As your instruction, I run the below commands in web console and can not start a Jupyter notebook to run pyspark.

“Start Jupyter using following commands:
export SPARK_HOME=”/usr/spark2.0.1/"

export PYTHONPATH=$SPARK_HOME/python/:$SPARK_HOME/python/lib/py4j-0.10.3-src.zip:$SPARK_HOME/python/lib/pyspark.zip:$PYTHONPATH

export PATH=/usr/local/anaconda/bin:$PATH

jupyter notebook --no-browser --ip 0.0.0.0 --port 8888"

So I open another Jupyter Notebook and try to run the following codes and with some errors:
“from pyspark import SparkContext, SparkConf
conf = SparkConf().setAppName(“appName”)
sc = SparkContext(conf=conf)
rdd = sc.textFile(”/data/mr/wordcount/input/")
print rdd.take(10)
sc.version"

“ModuleNotFoundError: No module named ‘pyspark’”
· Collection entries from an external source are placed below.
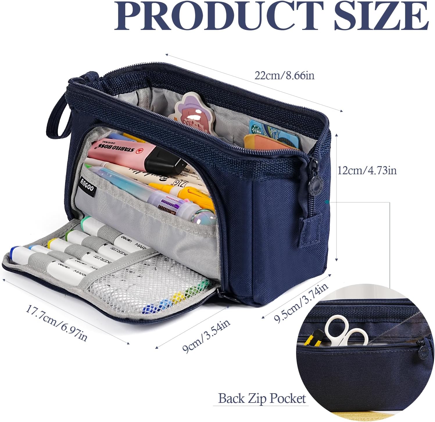 - Large Capacity Pencil Case: The pen bag measures 8.7 x 3.7 x 4.7 inches. With multiple separate compartments, this pencil bag offers plenty of space to efficiently organize pens, pencils, markers, scissors, sticky notes, calculator, cards and other stationery or essentials.
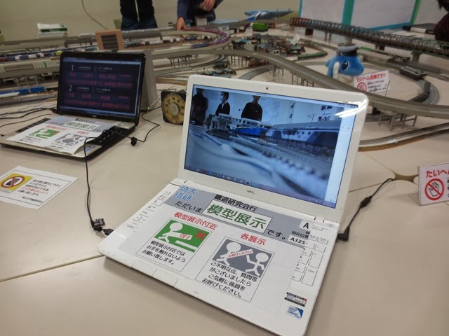 今年はレイアウトにWebカメラを配置し、よりリアルな目線での映像をお楽しみいただけるようにしました。奥のパソコンは運転体験のご案内で、ボタンを押すと約100種類の全国各地の発車メロディが流れます。パソコンとパソコンの間には鉄道模型の速度と同期して動くリアル速度計を今年も配置!
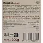 Ingrédients : Viande fraîche de porc (origine France) – gras de porc (origine France) – sel – LACTOSE (LAIT) – dextrose – épices et plantes aromatiques – conservateur : nitrate de potassium – ferments – poudres de fleurage : carbonate de calcium, farine de riz. Boyau naturel de porc. 152 g de viande de porc mise en œuvre pour 100 g de produit fini.
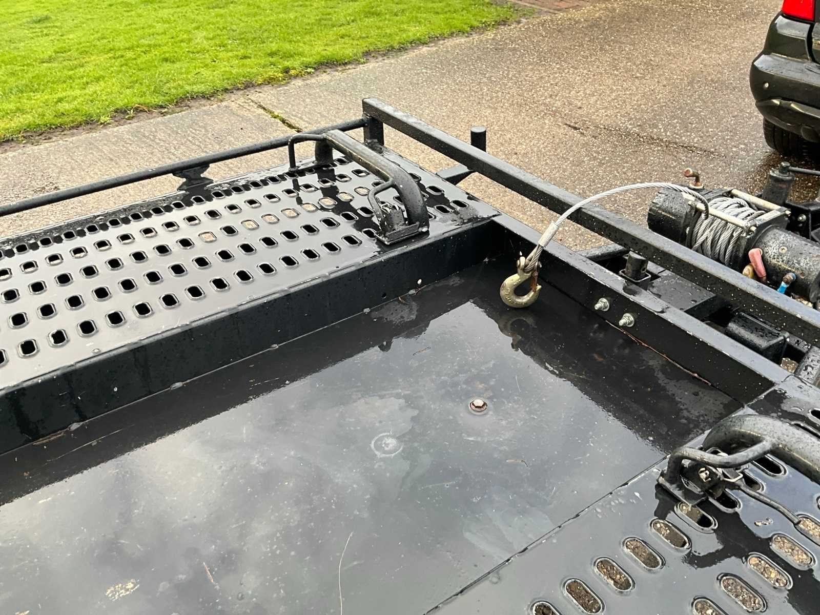 Voorzien van oprijplaten 248x30cm; elektrische lier; opbergkist met inhoud; accu/ acculader; laadvloer circa. 400x199cm Merk: Hapert Type: TA Bouwjaar: 2017 Chassisnummer: XLHAT270000795856 Aantal assen: 2 Ledig gewicht: 656kg Laadvermogen: 2044kg Datum eerste toelating: 2017-07-05 Datum eerste toelating (NL): 2017-07-05 Kenteken: 15-WP-PT Kentekenpapieren compleet?: true Hoogte: 60cm Nationaliteit documenten: NL

How can I run Pyspark within Jupyter? thanks.

Hi Bintao,

Please select either of the two python environment notebook when you click on “New”:

  • Python [default]
  • Python [conda root]

pyspark-python

Hi Sandeep,

There is no any of the two python environment notebook when I click on “New”:

Python [default]
Python [conda root]

There is only Python 3 available in ‘New’.

Regards,
Bintao Li

@Bintao_Li,

Can you please try again & let me know as i can see those kernels when i’ve tried.

Hi @sgiri,

Requesting you to provide “Apache Toree - Python” Kernel for PySpark dynamically in JupyterHub instead of doing all these manual steps.

@raviteja,

Yes this is in the pipeline …Pyspark does not work with Python 3 and JupyterHub requires Python 3. We will have to create Python 2 environment for launching PySpark notebooks.

Hi @abhinav,

Please note that, Spark 1.5.2 supports

Spark 1.5.2 works with Python 2.6+ or Python 3.4+

Please refer this in Official spark documentation

Coming to Spark 2.3:

Spark 2.3.0 works with Python 2.7+ or Python 3.4+
http://spark.apache.org/docs/latest/rdd-programming-guide.html

So i think, we don’t need just Python 2, even Python 3 is officially supported.